The shampoo is U.S. Department of Agriculture (USDA)-certified, and its ingredients include coconut and olive oils, aloe vera and essential oils. According to Vermont Soap’s website, the product is free of chemical detergents and synthetic fragrances or coloring. The shampoo’s only preservative is rosemary extract, and it is hypoallergenic, making it ideal for pets with sensitive skin, according to the company.

Still, Campanella warns that while customers understandably want the ingredients in their pets’ skin and coat products to be just as recognizable as those in their food, they should keep in mind that “the chemistry of food vastly differs from that of pet shampoo and conditioner.”

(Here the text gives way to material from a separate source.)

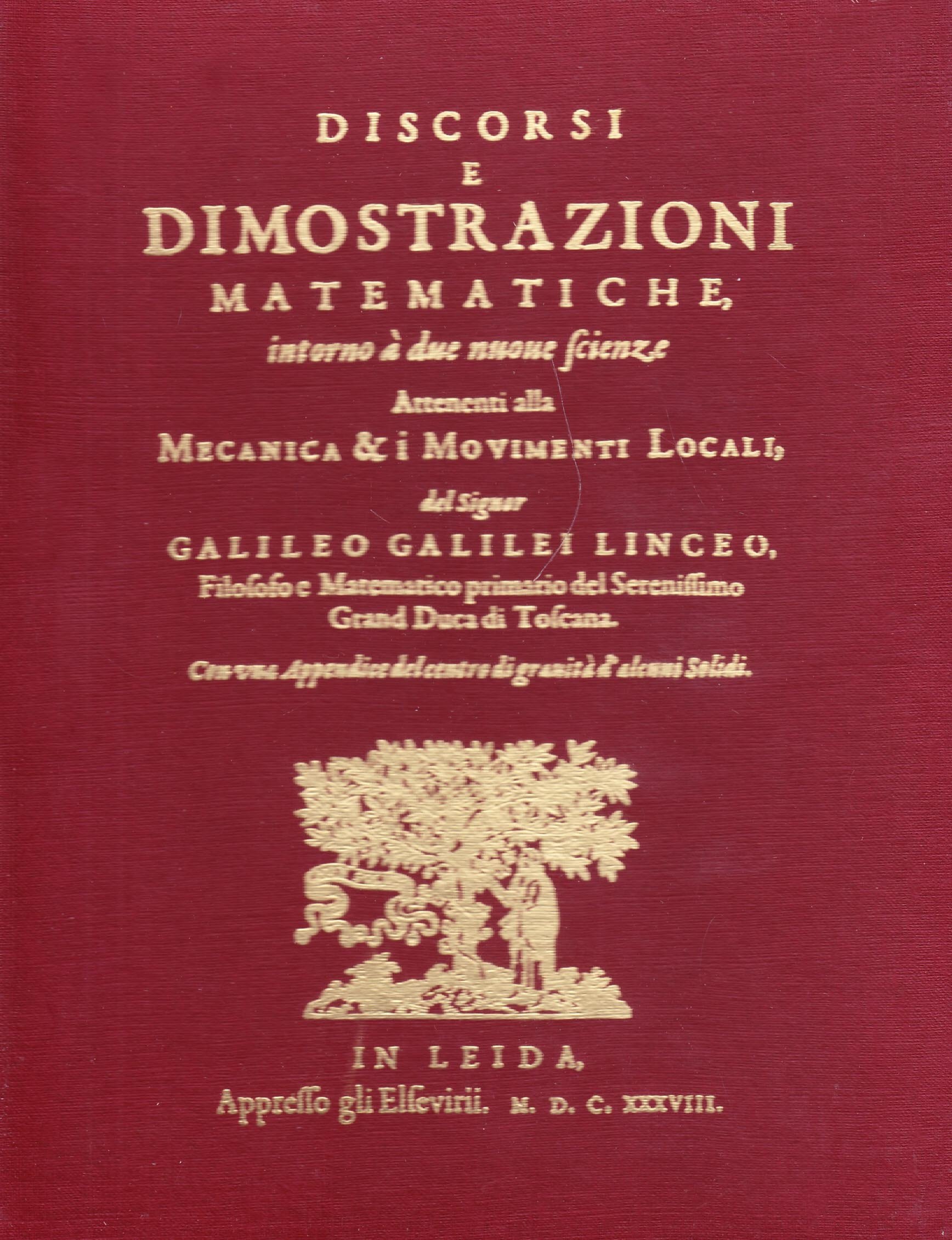 In his Discorsi e dimostrazioni matematiche intorno a due nuove scienze, Discourse and demonstrations on two new sciences published in Leiden, Holland, where the vetoes of the Inquisition were powerless, Galileo summarized all of the knowledge he had acquired in a lifetime The two new sciences concerned the structure of matter and its. This modern era that I think I have a case it is. Discorsi e dimostrazioni matematiche Dates / Origin Date Issued 1638 Place In Leida Publisher Appresso gli Elsevirii Library locations Rare Book Division Shelf locator *KB 1638 (Galilei, G Discorsi e dimostrazioni matematiche) Topics Mathematics mechanics Genres Illustrations Diagrams Notes.

He said some artificial or synthetic ingredients, such as sulfates and silicones, have been unfairly demonized and are safe and beneficial to pets with skin and coat problems.

Education

Online and Offline

The internet continues to empower consumers when it comes to self-education and choosing the right products and ingredients for their pets, said Dallas Van Kempen, president of EQyss in Carlsbad, Calif.

“People are asking questions,” he said. “They’re making informed decisions, not just buying whatever is available at their local store.”

Dave Campanella, sales and marketing director for Best Shot Pet Products in Frankfort, Ky., emphasized the importance of marketing integrity and consumers’ desire and right to know what is in their products.

“Pet owners are now weary of ‘all natural’ claims and anything that sounds too good to be true,” he said. “What good comes from products stating what’s not in them, when there is no disclosure whatsoever of what is actually in them?”

Although there is seemingly infinite information online, Van Kempen said it is not always the best place for pet owners to turn to.

“There is no substitute for having a real conversation with a real, knowledgeable, experienced person who has dealt with whatever issue you need to deal with,” he said.

This means retailers should take the initiative and stay up-to-date on their own education so they can guide customers in the right direction.

EQyss offers training sessions for its retailers and also encourages them to try out free product samples, Van Kempen added.

Earth Pets Natural Pet Market in Gainesville, Fla., turns to its vendors for support to educate employees on products.

“A lot of the [manufacturing] companies have online training that we have our employees go through to learn about the products,” said store manager Brian Sharp.

And when a customer has a question that a retailer doesn’t feel equipped to answer, additional resources are just a click or a phone call away.

“We’re always happy to call the manufacturer for [customers] if they do have a question that we can’t answer,” Sharp said.